Allah’ın zâtî, fiilî ve haberî sıfatlarının hepsini te’vilsiz, nasılsa öyle kabul ettiği için Selefiyye’ye “Sıfâtiyye” de denilmiştir.
“Ehl-i sünnet-i hâssa” ismi ile kastedilen zümre olan Selefiyye Hz. Peygamber ve sahâbîlerin inançta takip ettikleri yolu doğrudan doğruya izleyen gruptur. Tâbiûn, mezhep imamları, büyük müctehidler ve hadisçiler Selefiyye’dendirler.
Eş‘arîlik ve Mâtürîdîlik ortaya çıkıncaya kadar, Sünnî müslüman çevrede hâkim olan inanç, Selef inancıdır.

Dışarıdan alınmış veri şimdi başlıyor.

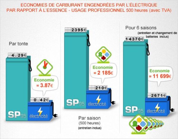 - Wirtschaftlich: Verbrauchskosten < 0,792€/Std. gegenüber 4,34€ für das Benzingerät, Energiekosten, die um 92% verringert sind! Geringere Wartungskosten: kein Riemen, kein Filter, kein Motoröl.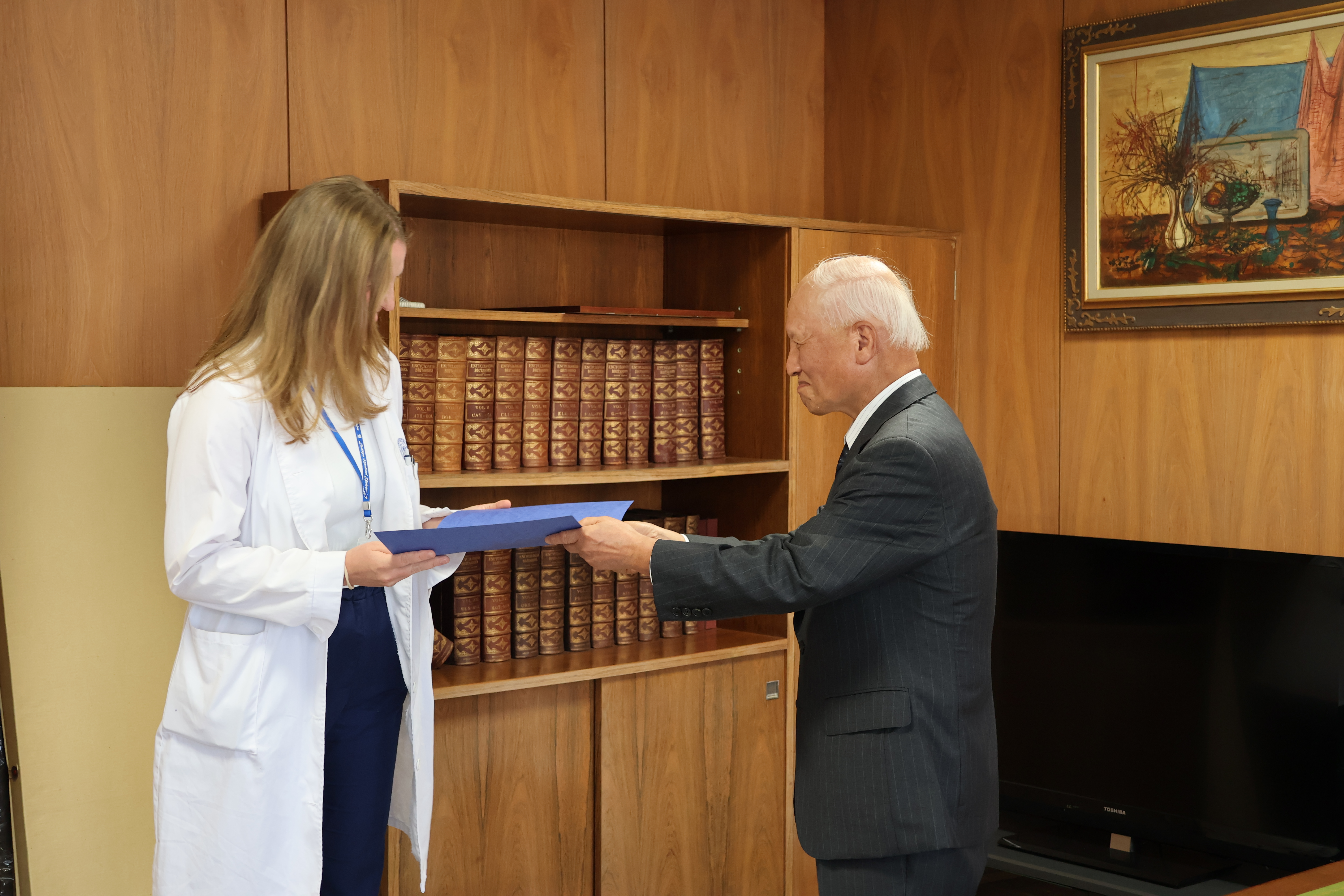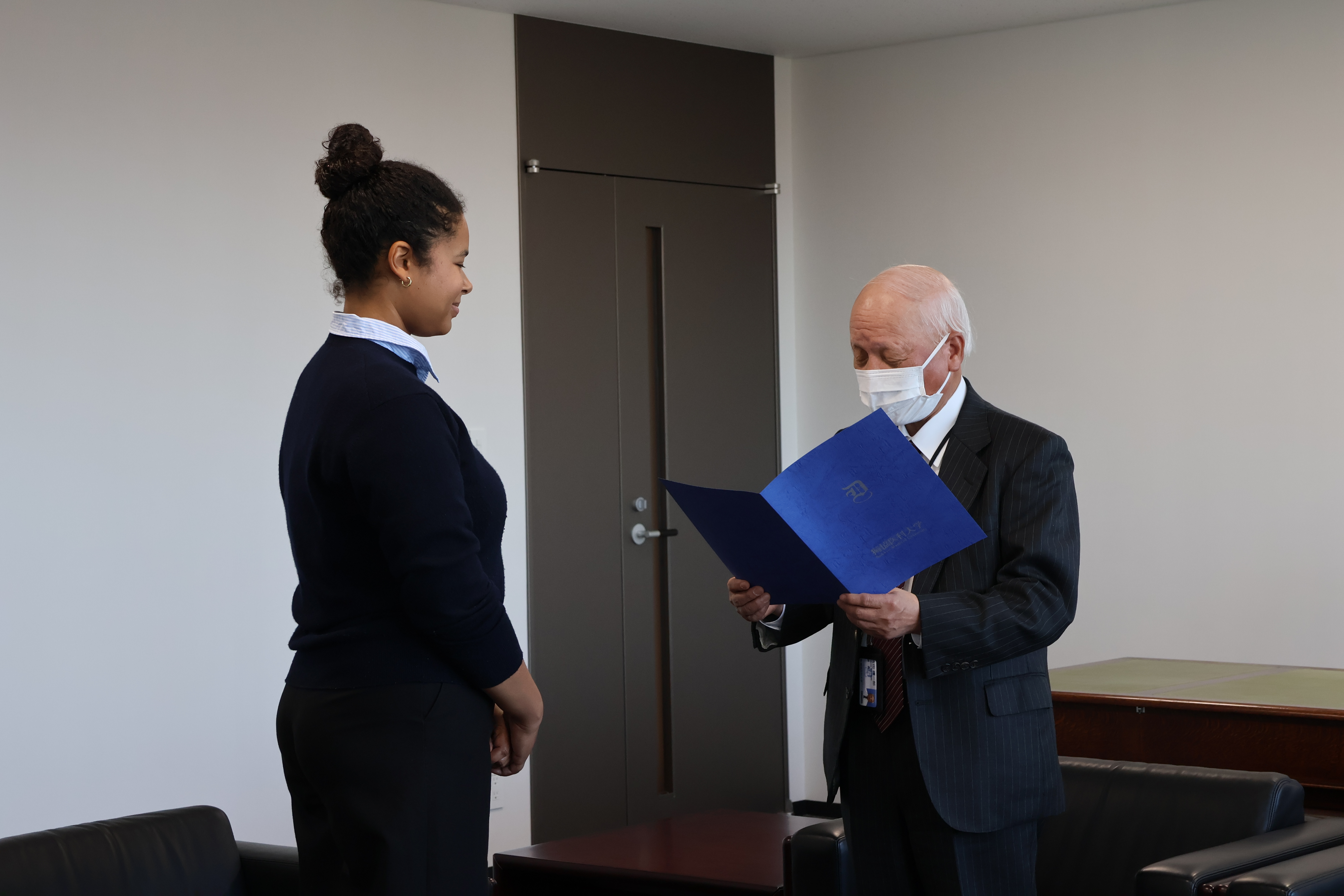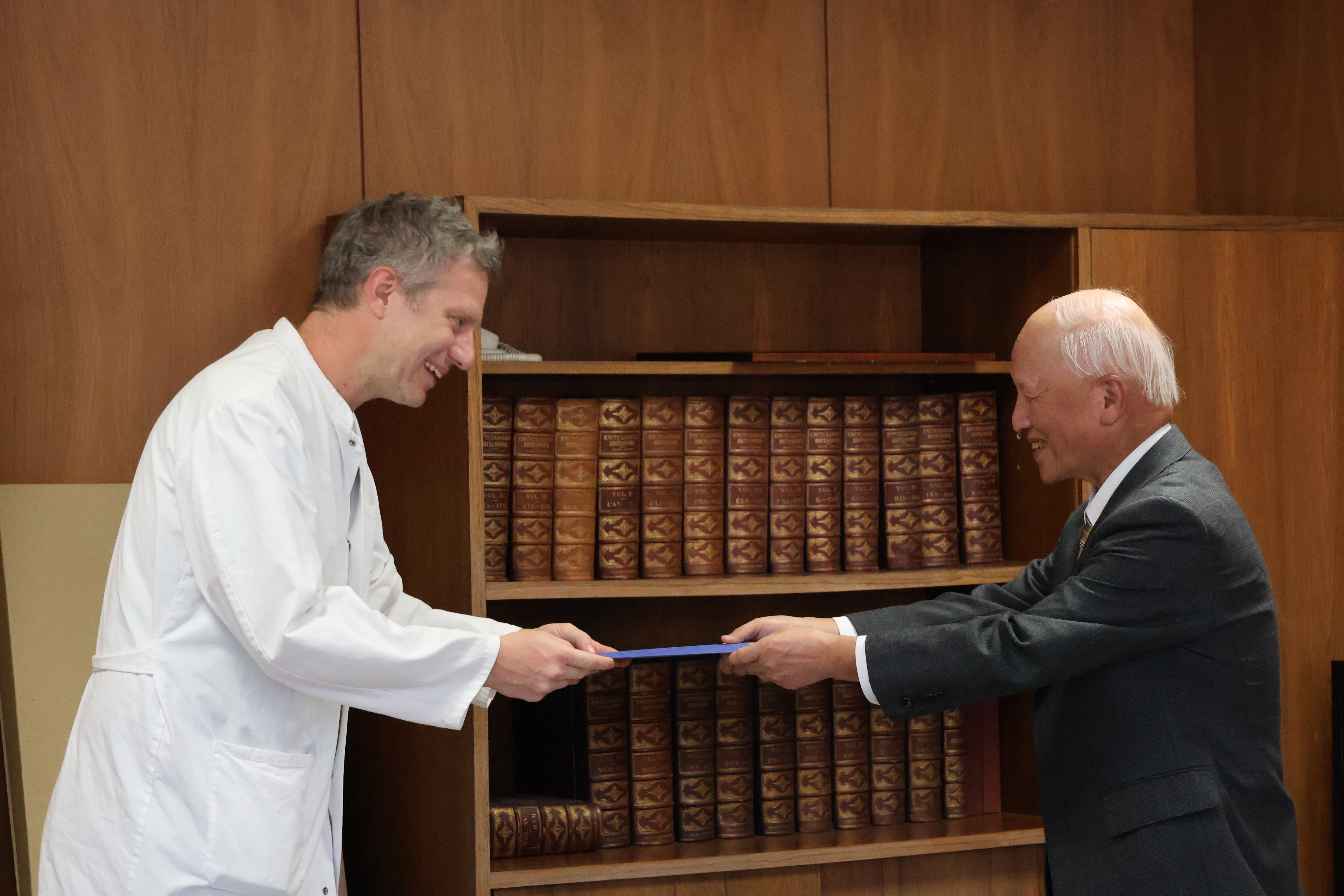 ドイツ・ミュンヘン工科大学医学部からの研修生2名の修了式を行いました。2名とも11月17日から1月9日まで、1名が内科学(消化器)、内科学(血液・腫瘍)で、もう1名は内科学(心臓・血管)、内科学(血液・腫瘍)で研修を行いました。

İmam Şâfiî, Mâlik, Ahmed b. Hanbel -bir kısım görüşleri itibariyle Ebû Hanîfe, Evzaî, Sevrî gibi müctehid imamlar, Buhârî, Müslim, Ebû Dâvûd, Dârimî, İbn Mende, İbn Kuteybe ve Beyhaki gibi hadisçiler, Taberî, Hatîb el-Bağdâdî, Tahâvî, İbnü’l-Cevzî ve İbn Kudâme gibi bilginler Selef düşüncesinin önde gelen isimleri arasında sayılabilir.
İlk dönem (mütekaddimûn) Selefiyye anlayışının en belirgin özelliği akaid sahasında akla rol vermemek, âyet ve hadisle yetinmek, mânası apaçık olmayan, bu sebeple de başka mânalara gelme ihtimali bulunan âyet ve hadisleri yorumlamadan, bunları bilmeyi Allah’a havale etmektir. Selefiyye’nin müteşâbihler konusundaki görüşüne şunlar örnek gösterilebilir: “Allah’ın eli onların ellerinin üstündedir” (el-Feth 48/10) âyetini Selefiyye şöyle değerlendirir:
“Yüce Allah âyette elinin(yed) varlığını bildirmektedir. Allah’ın elinin olduğuna inanırız, fakat bu elden kastedilen mânayı Allah’a havale ederiz, bunu ancak Allah bilir, der, mahiyeti üzerinde düşünmeyiz. Başka bir mânaya yorumlamadığımız gibi, onu yaratıkların eline de benzetmez, Allah’ın kendine has bir sıfatı olarak kabul ederiz. Bu konuda soru sormaktan da kaçınırız”.
İmam Mâlik’e (ö. 179/795) “Allah Teâlâ Kur’an’da rahmân arşa istivâ etti (Tâhâ 20/5) buyuruyor. Nasıl istivâ etti?” diye sorulmuş o da şu cevabı vermiştir: “İstivâ bilinen bir şeydir (âyetle sabittir). Nasıllığı akılla kavranamaz. Allah’ın arşa istivâ ettiğine inanmak farzdır. Mahiyeti hakkında soru sormak da bid‘attır”.
Selefiyye, müteşâbih âyet ve hadisleri aklın ışığında yorumlayan kelâmcılarla filozofları da, keşf ve ilhamın ışığında yorumlayan sûfîleri de ağır biçimde eleştirmiş, onları bid‘atçı ve sapık olmakla suçlamıştır. Hicrî VIII. asırdan önce yaşamış olan Selef bilginleri akıl karşısında kesin tavır takınıp, nakli tek hâkim kabul ederken, sonraki Selef bilginleri akıl karşısındaki tutumlarını gözden geçirmişler, inanç konularında az da olsa akla yer vermişlerdir.
Selefiyye günümüze kadar az çok taraftar bulmuştur. Genellikle fıkıhta Hanbelî olanlar akaidde Selefî’dirler. Hadisle ilgilenen bilginler de çoğunlukla Selef inancını benimsemişlerdir. Günümüzde dünya müslümanlarının % 12’si Selefî’dirler. En yoğun oldukları ülkeler Suudi Arabistan, Küveyt ve Körfez ülkeleridir.